The proxy intercepts requests above the token threshold, rewrites them with RAG tools, runs a multi-round tool loop with the cloud, and returns the final response. Requests below the threshold pass through unchanged.

Requirements

  • Node.js 20+
  • Ollama running locally with:
    • ollama pull qwen3.5:4b (intent extraction + classification)
    • ollama pull nomic-embed-text (embeddings)

MCP Tools Exposed

Tool Description
index_content Index raw text (code, logs, configs) into the local store
grep Regex search across all indexed content with context lines
log_search Search logs/errors by query with relevance scoring
file_read Read a specific indexed file or path
summary Get a summary of indexed content by topic
repo_map Structural map of indexed repository (key files + symbols)
file_tree Compact file tree with coverage summary
symbol_find Find functions/classes/interfaces across indexed code
git_diff Inspect git changes (working/staged/all scope)
test_failures Summarize failing tests from logs or run project tests
run_checks Run lint/typecheck/test/build validation

Benchmark Results

Measured on a real codebase (WebLLM/Bonsai-WebGPU R&D repository — public), 3 scenarios (75K-98K tokens each), 3 repeats, live Claude Opus via Factory Droid.

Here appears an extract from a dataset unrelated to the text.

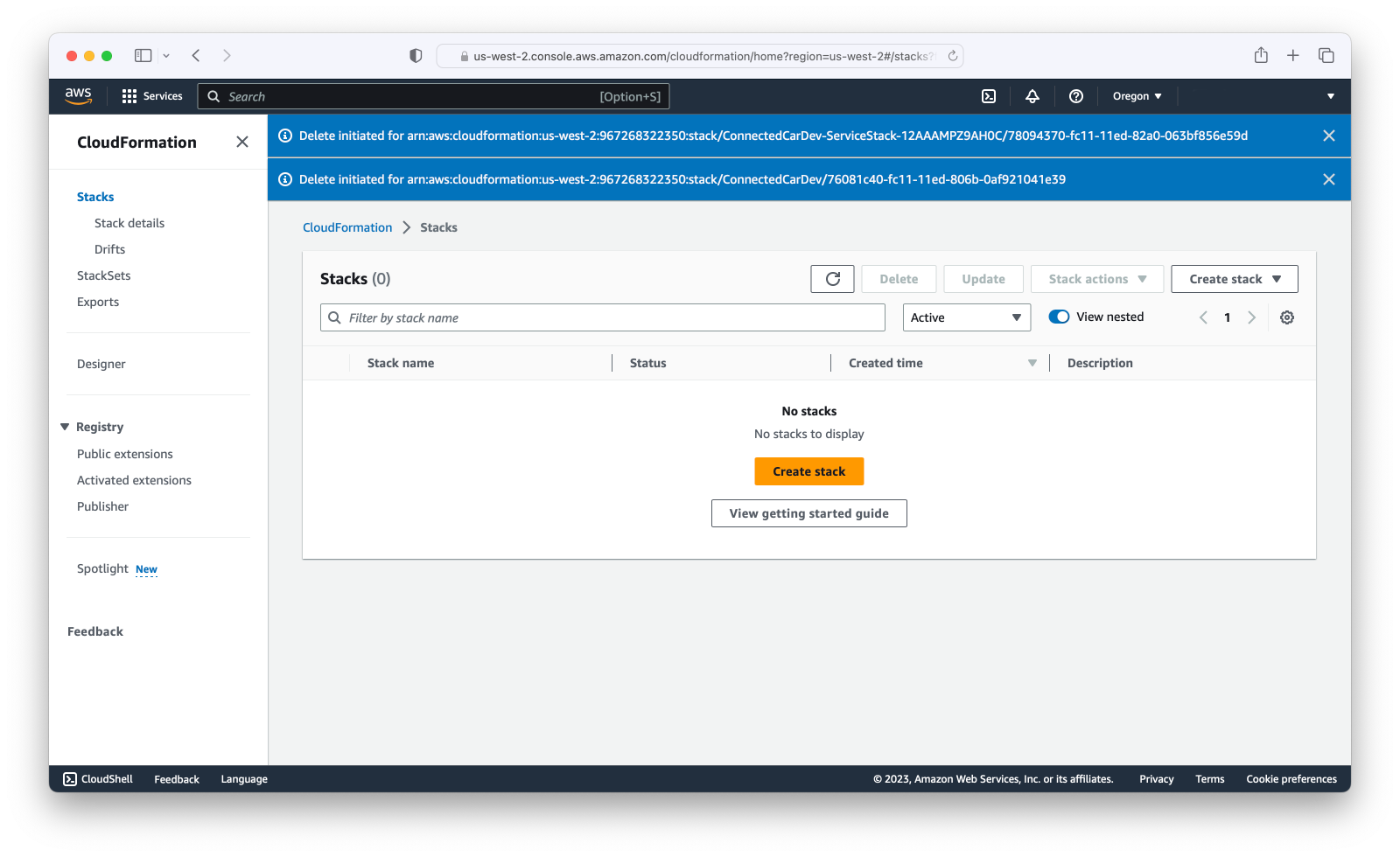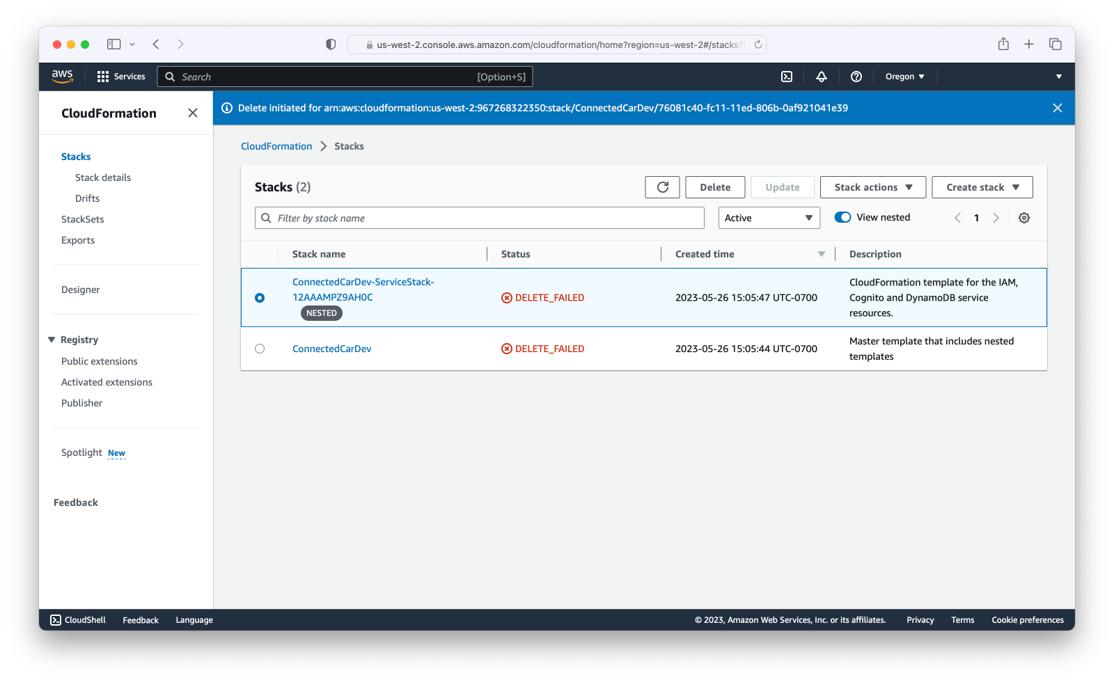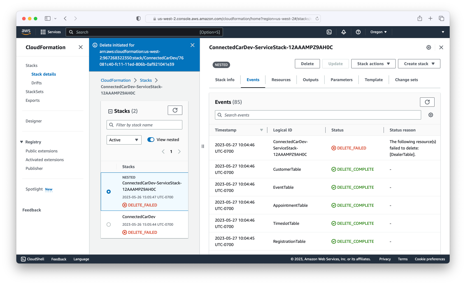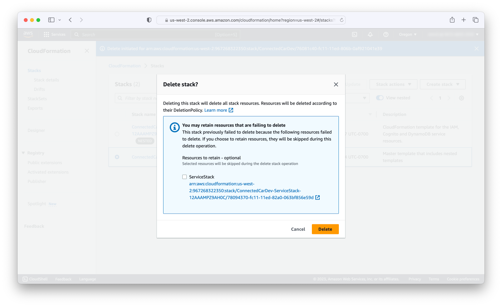 Next, delete the deployed stack in CloudFormation in the console, as done previously, by selecting the parent stack and clicking the “Delete” button. The deletion will proceed normally until it gets to the service stack, at which point it should fail, as shown below:

Mode Accuracy Token Reduction Cost Reduction
Baseline (raw dump) 100%
MCP (unguided) 100% 43.3% 35.8%
Guided (search plan) 94.4% 53.6% 42.0%

Key findings:

  • Zero accuracy loss when the cloud model uses tools autonomously (unguided MCP mode)
  • 36-42% cost reduction measured in actual billed tokens (Anthropic pricing)
  • On investigation tasks (finding bugs in 75K+ token logs), cost savings reach 50-67%
  • On dense, mostly-relevant code contexts, savings are minimal (~2-14%) — CG correctly adds less value when context is already focused
  • Adds 15-25 seconds per request (MCP indexing + tool calls). Negligible for 20-30 minute agent sessions

Methodology

  • Real files, not synthetic noise. Context is actual GPU kernel code, audit documents, and analysis reports
  • Facts scattered at random positions (not head/tail) to avoid primacy/recency bias
  • Ground truth is regex-checked against specific values in the codebase
  • 95% confidence intervals computed via Student's t-distribution
  • Reproducible: npm run bench:oss (local, no API key needed) or npm run bench:realworld (requires Droid CLI)
  • Full results in benchmark/realworld-3way-results.json

CLI Commands

context-guardian start          # Start proxy server (port 9119)
context-guardian mcp            # Start MCP server (port 9120)
context-guardian init           # Generate default config file
context-guardian sessions       # List recent proxy sessions
context-guardian compact        # Manual session compaction
context-guardian eval --prompt  # A/B evaluation of a prompt
context-guardian dry-run --file # Preview rewrite without cloud call
context-guardian check          # Verify Ollama + model availability

Configuration

Create .context-guardian.json with context-guardian init, or pass CLI flags:

context-guardian start \
  --port 9119 \
  --threshold 8000 \      # tokens above this trigger interception
  --budget 4000 \         # max tokens in rewritten request
  --model qwen3.5:4b \    # local LLM model
  --endpoint http://localhost:11434  # Ollama URL

Architecture

Agent (Claude Code, Cursor, Aider...)
  │
  ├─[MCP mode]─→ Context Guardian MCP Server ──→ Ollama (local)
  │               index_content / grep / search    ↓
  │               ←── tool results ────────────── chunks + embeddings
  │
  └─[Proxy mode]→ Context Guardian Proxy ──→ Cloud API (OpenAI/Anthropic)
                   intercept → rewrite → tool loop → response

Local processing: Chunking, classification (7 types), embedding (nomic-embed-text), cosine similarity search, entity extraction, session memory with SQLite persistence.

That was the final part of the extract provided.